--- TRY IT ---
Write out exactly the lines below that run from the one containing "Війна ощасливила російські" through the one containing "主题党日第二站,校史馆。升级", both included, with no other lines.

PROVIDED DATA START

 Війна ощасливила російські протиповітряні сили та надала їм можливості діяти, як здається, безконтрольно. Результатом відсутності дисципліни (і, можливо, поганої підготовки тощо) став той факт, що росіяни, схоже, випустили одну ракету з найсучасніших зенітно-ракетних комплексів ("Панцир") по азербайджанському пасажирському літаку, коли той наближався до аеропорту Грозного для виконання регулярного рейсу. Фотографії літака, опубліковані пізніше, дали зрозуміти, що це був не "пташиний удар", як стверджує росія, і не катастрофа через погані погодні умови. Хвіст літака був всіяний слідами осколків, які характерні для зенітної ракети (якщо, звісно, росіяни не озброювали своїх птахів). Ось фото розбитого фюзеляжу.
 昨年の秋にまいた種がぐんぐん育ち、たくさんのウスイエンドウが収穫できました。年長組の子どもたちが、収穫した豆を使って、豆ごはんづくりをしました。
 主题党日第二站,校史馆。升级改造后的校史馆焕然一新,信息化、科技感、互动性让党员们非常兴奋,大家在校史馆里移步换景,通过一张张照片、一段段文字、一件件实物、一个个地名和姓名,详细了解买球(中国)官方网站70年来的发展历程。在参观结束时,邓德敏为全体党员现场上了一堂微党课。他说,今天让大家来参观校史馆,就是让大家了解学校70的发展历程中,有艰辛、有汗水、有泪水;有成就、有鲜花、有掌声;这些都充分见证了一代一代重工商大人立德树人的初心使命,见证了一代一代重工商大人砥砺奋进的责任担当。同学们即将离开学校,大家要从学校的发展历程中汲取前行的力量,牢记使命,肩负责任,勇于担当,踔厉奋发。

PROVIDED DATA END
PROVIDED DATA START

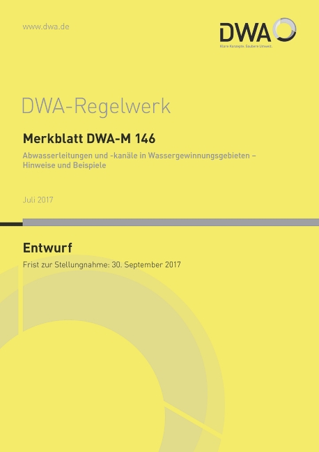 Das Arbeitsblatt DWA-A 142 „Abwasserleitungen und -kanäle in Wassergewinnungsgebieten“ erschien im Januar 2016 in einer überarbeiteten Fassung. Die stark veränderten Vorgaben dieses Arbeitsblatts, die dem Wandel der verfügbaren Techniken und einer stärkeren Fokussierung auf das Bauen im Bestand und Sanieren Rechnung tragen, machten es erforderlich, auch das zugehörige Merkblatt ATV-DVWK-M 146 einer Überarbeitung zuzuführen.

PROVIDED DATA END
PROVIDED DATA START

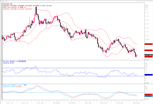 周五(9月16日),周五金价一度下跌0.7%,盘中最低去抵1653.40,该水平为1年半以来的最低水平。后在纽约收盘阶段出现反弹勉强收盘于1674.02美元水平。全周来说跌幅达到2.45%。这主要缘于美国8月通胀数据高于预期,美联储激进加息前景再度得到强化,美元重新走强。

PROVIDED DATA END

--- ANSWER BOX ---
 Війна ощасливила російські протиповітряні сили та надала їм можливості діяти, як здається, безконтрольно. Результатом відсутності дисципліни (і, можливо, поганої підготовки тощо) став той факт, що росіяни, схоже, випустили одну ракету з найсучасніших зенітно-ракетних комплексів ("Панцир") по азербайджанському пасажирському літаку, коли той наближався до аеропорту Грозного для виконання регулярного рейсу. Фотографії літака, опубліковані пізніше, дали зрозуміти, що це був не "пташиний удар", як стверджує росія, і не катастрофа через погані погодні умови. Хвіст літака був всіяний слідами осколків, які характерні для зенітної ракети (якщо, звісно, росіяни не озброювали своїх птахів). Ось фото розбитого фюзеляжу.
 昨年の秋にまいた種がぐんぐん育ち、たくさんのウスイエンドウが収穫できました。年長組の子どもたちが、収穫した豆を使って、豆ごはんづくりをしました。
 主题党日第二站,校史馆。升级改造后的校史馆焕然一新,信息化、科技感、互动性让党员们非常兴奋,大家在校史馆里移步换景,通过一张张照片、一段段文字、一件件实物、一个个地名和姓名,详细了解买球(中国)官方网站70年来的发展历程。在参观结束时,邓德敏为全体党员现场上了一堂微党课。他说,今天让大家来参观校史馆,就是让大家了解学校70的发展历程中,有艰辛、有汗水、有泪水;有成就、有鲜花、有掌声;这些都充分见证了一代一代重工商大人立德树人的初心使命,见证了一代一代重工商大人砥砺奋进的责任担当。同学们即将离开学校,大家要从学校的发展历程中汲取前行的力量,牢记使命,肩负责任,勇于担当,踔厉奋发。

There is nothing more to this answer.